The Charter's vision of multiracial democracy was incompatible with apartheid's racial-state premise, making the document politically existential for both sides.
Internal Movement Tensions
The Freedom Charter also generated internal tensions within the anti-apartheid movement:
- 'Africanists' within the ANC argued that the Charter's multiracialism was inconsistent with African self-determination. This tension led to the 1959 founding of the Pan-Africanist Congress (PAC) under Robert Sobukwe.
- Communist Party alignment: the Charter's economic provisions — 'people shall share in the country's wealth,' the land shall be shared — were read by some as socialist; the South African Communist Party endorsed the Charter and worked with the ANC under its principles.
- Liberal interpretation: some liberal South Africans read the Charter as a moderate democratic document compatible with reformist liberalism.
The Charter's capacity to be read in different ways was both its strength (broad coalition appeal) and its limit (internal disagreements about what it actually committed the movement to).
Legacy
The Freedom Charter remains a symbol of the anti-apartheid struggle and the fight for social justice.

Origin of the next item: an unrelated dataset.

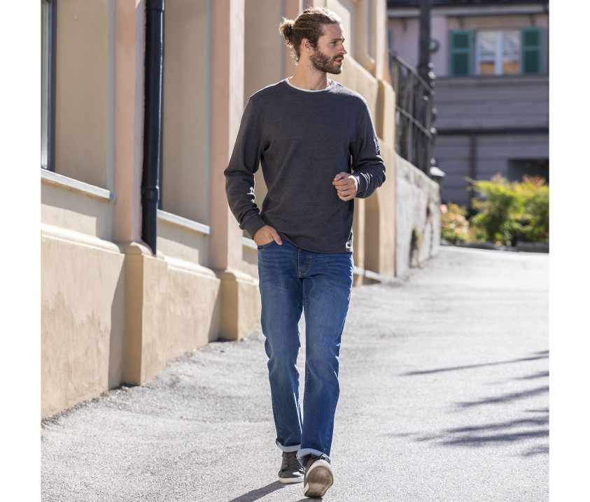 Coupe droite. Taille normale. Fermeture par bouton et braguette zippée. Passants pour ceinture. 5 poches. Denim délavé.

Its influence has been substantial:
- It influenced the drafting of South Africa's post-apartheid constitution. The 1996 Constitution's Bill of Rights tracks many Charter principles, though with important translations from political demands to legal rights.
- It anchored ANC political identity through decades of exile and underground struggle.
- It inspired global movements: civil-rights movements in other countries have referenced the Charter as a template for transformative political documents.
- It continues to inspire contemporary debates on inequality, land reform, and economic transformation within South Africa.
Common Misconceptions
The Freedom Charter is sometimes treated as a simple precursor to the 1996 Constitution. The relationship is more complex — the Constitution embodies many Charter principles but in liberal-democratic-rights form rather than as collective economic transformation, an interpretive choice that has produced ongoing political contention.
Another misconception is that the Charter was a Communist document. The Charter combined liberal-democratic, social-democratic, and pan-African elements; reducing it to one ideological tradition misreads its synthetic character.
Real-World Examples
The 1996 Constitution of South Africa — widely regarded as one of the world's most progressive constitutions — traces its lineage to the Freedom Charter. The annual Freedom Day (April 27) commemorates the first democratic elections and connects to the Charter's vision. Contemporary South African political debates about land reform, economic transformation, and inequality continue to invoke Charter principles.
Example
The Freedom Charter laid the groundwork for a democratic South Africa.